Даже там, где не может быть ничего доброго, искусство, по крайней мере, становится на место зла, а это ведь лучше, чем зло. - Г. В. Ф. Гегель
Лекции по теории искусства Гегель начинает с доводов против такой теории, которые он в дальнейшем намеревается опровергнуть. Я оставлю их без авторского опровержения, чтобы читатель мог додумать опровержение за Гегеля и узнать, так ли легок хлеб философов.
Читателей, уже имевших неосторожность знакомиться с Феноменологией духа или Наукой логики, текст Лекций по эстетике приятно удивит.
Во-первых, достойно ли художественное творчество научного анализа.
Формы искусства находятся за пределами конечных целей жизни. Попытка рассматривать со всей серьезностью то, что само по себе несерьезно, может показаться странным педантством.
Перед лицом этой проблемы самому искусству часто приписывали серьезные цели. Его старались представить в качестве посредника между разумом и чувственностью, между склонностью и долгом - как примирителя этих элементов, сталкивающихся друг с другом в суровой борьбе и взаимном противодействии. Но если даже принять, что искусство имеет более серьезные цели, разум и долг, пожалуй, ничего не выиграли бы от этой попытки найти посредствующее звено, ибо они по своей природе не терпят никакой примеси и не могли бы вступить в подобную сделку, требуя той же чистоты, которой они обладают в себе.
Если искусство действительно подчиняет себя более серьезным целям, а влияние его приводит к более серьезным результатам, то достигается это посредством обмана: ведь искусство живет в видимости.
Истинная конечная в себе цель не должна достигаться посредством обмана.
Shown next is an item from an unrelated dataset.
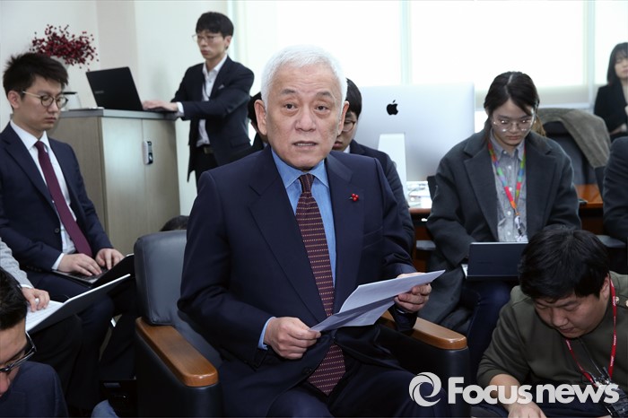 (서울=포커스뉴스) 김한길 국민의당 상임선대위원장이 8일 오후 서울 여의도 국회 의원회관 집무실에서 기자간담회를 통해 현안에 대한 입장을 밝히고 있다.

Только правда рождает правду. Так и наука должна рассматривать подлинные интересы духа в свете истинного хода действительности и согласно истинной форме представления о нем.
В этой связи может возникнуть иллюзия, будто искусство недостойно научного рассмотрения, так как оно остается приятной игрой и, даже преследуя более серьезные цели, противоречит самой природе этих целей.
Во-вторых, еще легче представить себе, что искусство - хотя и доступное философской мысли - не является все же подходящим предметом для научного исследования в собственном смысле слова. Ибо красота в искусстве обращается к чувству; у нее другая область, чем у мысли, и постижение художественного творчества требует иного органа, отличного от научного мышления.
Далее, красота в искусстве доставляет наслаждение свободным характером творчества и образных форм.
Что же касается науки, то по своей форме, как полагают, она связана с абстрактным мышлением, исключает воображение, всегда несущее на себе печать случайности и произвола. Если искусство должно примирить понятие с действительностью, то анализ искусства с точки зрения одной лишь мысли вновь устранит, уничтожит это созданное искусством средство взаимного дополнения и вернет понятие к его бескровной простоте и призрачной абстрактности.
По своему содержанию наука занимается чем-то в самом себе необходимым. А так как
эстетика оставляет в стороне красоту природы, то может показаться, что в этом отношении мы ничего не выиграли, но, скорее, даже отдалились от необходимого.
Следовательно, во всех этих отношениях, как по источнику своему, так и по своему влиянию и границам, искусство кажется чем-то обособленным от науки, а не благодатной почвой для ее применения.